Retailer A seems to break down its segmentation into Geographic regions and levels of interest in products. All of this data is gathered at the time a consumer signs up for the retailer's newsletter. We tested that retailer's list with four different combinations: North/South, Broad Interests/ Narrow Interests (in the South we were only interested in Gardening, in the North, only interested in Home Improvement). Below is a chart of email sends over the past 30 days.

* All Charts copyright 2004 Emerging Interest, email send data supplied by CETS

The thing to look at here is the Blue Line which represents the number of unique profiles the retailer targeted over the last 30 days. Each email represents an email send to one of our demographic profiles. In most cases the retailer sent out emails to its entire list at least in the last 30 days, although we have noticed more segmentation going on in previous months. The exception is June 14, where our Northern/ Broad Interest profile was the only one to receive a special Father's Day promotion, although a different Father's Day promotion went out to the entire list just two days later.

But the chart doesn't tell the whole story, because on June 8 (and also on June 2, which is not represented on this chart), while Retailer A blasted its entire list, it split the run along creative lines. Our Southern/Broad Interest profile and our Northern/Narrow Interest profile received an offer for Spiderman related Videos and DVDs, while our Northern/Broad Interest and Southern/Narrow Interest profiles received an offer for Luggage sets. It was interesting because there did not seem to be a specific target in mind. Perhaps it was simply a split run with no rhyme or reason.

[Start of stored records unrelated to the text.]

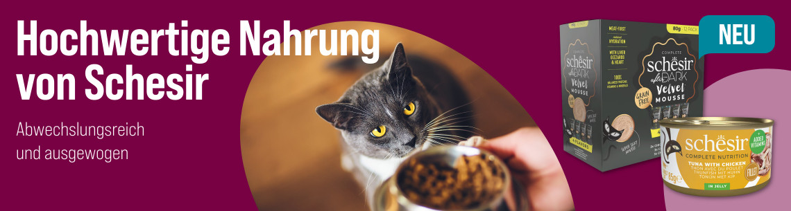 - 11 %SchesirSchesir Cat Complete Thunfisch mit Wolfsbarsch Jelly 6x50 gUVP 7,49 € (-10.68%)6,69 €22,30 € / kg
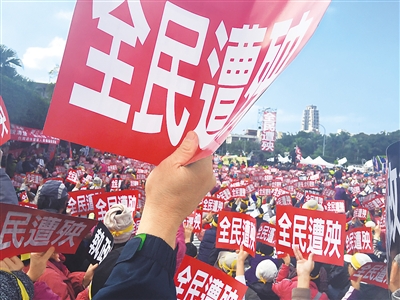 台湾军公教人员抗议民进党强推“年金改革”。 本报记者 吴亚明摄
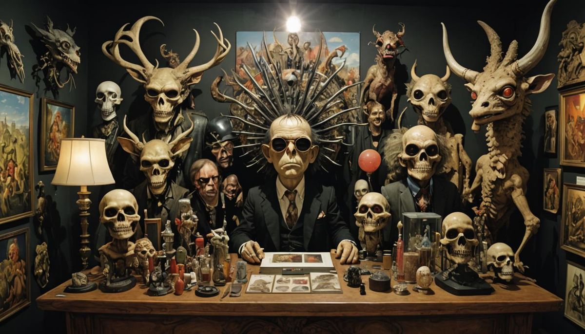This image shows a fantastical museum display inspired by the legend of Kaspar Hauser. The artwork features psychedelic and surreal elements reminiscent of 1960s and 70s graphic art.

But how are these emails doing in driving traffic? Let's look at another chart:

* All Charts copyright 2004 Emerging Interest , site traffic data supplied by Alexa, email send data supplied by CETS

The red line now represents the email sends and includes not only the retailer's own internal communication, but offers sent through third parties such as CoolSavings. The Blue line represents jumps in site traffic (we started collecting this data on June 16, so that's where the Blue Line starts). As you can see, an email send almost always aligns with a jump in site traffic showing the importance of email in driving traffic to this retailer. (The smaller green and yellow lines represent traffic to various smaller sub-brands).

Retailer B, on the other hand, really plays around with different subject lines, creative, and targets in its strategy. In this case, there is a clear segmentation going on around gender with male and female profiles receiving very different creative and subject lines even when the creative is exactly the same.

For instance, on June 22, both our male and female profiles received the same email creative, with subtle but distinct differences in subject line. Our female profile received the email with the following subject line: "Get Free Shipping on the New Fall Looks Now Online." On the other hand, our male profile received the exact same HTML creative with this subject line: "Free Shipping at America's Favorite Shopping Site," with the emphasis on fashion removed.

On June 16, our female received this subject line: "Save 30-50% on the Best of Summer," while our male received "Shop Online, Save 30-50% on Summer's Best." The emphasis on shopping online seems geared towards store-phobic males while women, who may have a bigger aversion to shopping online do not receive that pitch.

Only our female receives emails for "Introducing Chris Madden Exclusively for (Retailer B), Plus Free Shipping" and a series of "Big Weekend Sale" emails. Only our male receives emails for "Cooks: New Items at Great Prices, Plus Free Shipping"

Here's the retailer's chart with site traffic included (again, red line represents email sends, blue line jumps in traffic):

*All Charts copyright 2004 Emerging Interest , site traffic data supplied by Alexa, email send data supplied by CETS

Judging by the last month's emails, both Company A and Company B seem to be de-emphasizing their segmentation experimentation or giving them a rest for the summer when compared to their work earlier in the spring. Why? Are summer months worse for targeted ads? Is less thought put into creative during these months? Or does it indicate a change in strategy, vendors, personal or agency?

Can you tell that Sherlock Holmes was my favorite reading as a kid?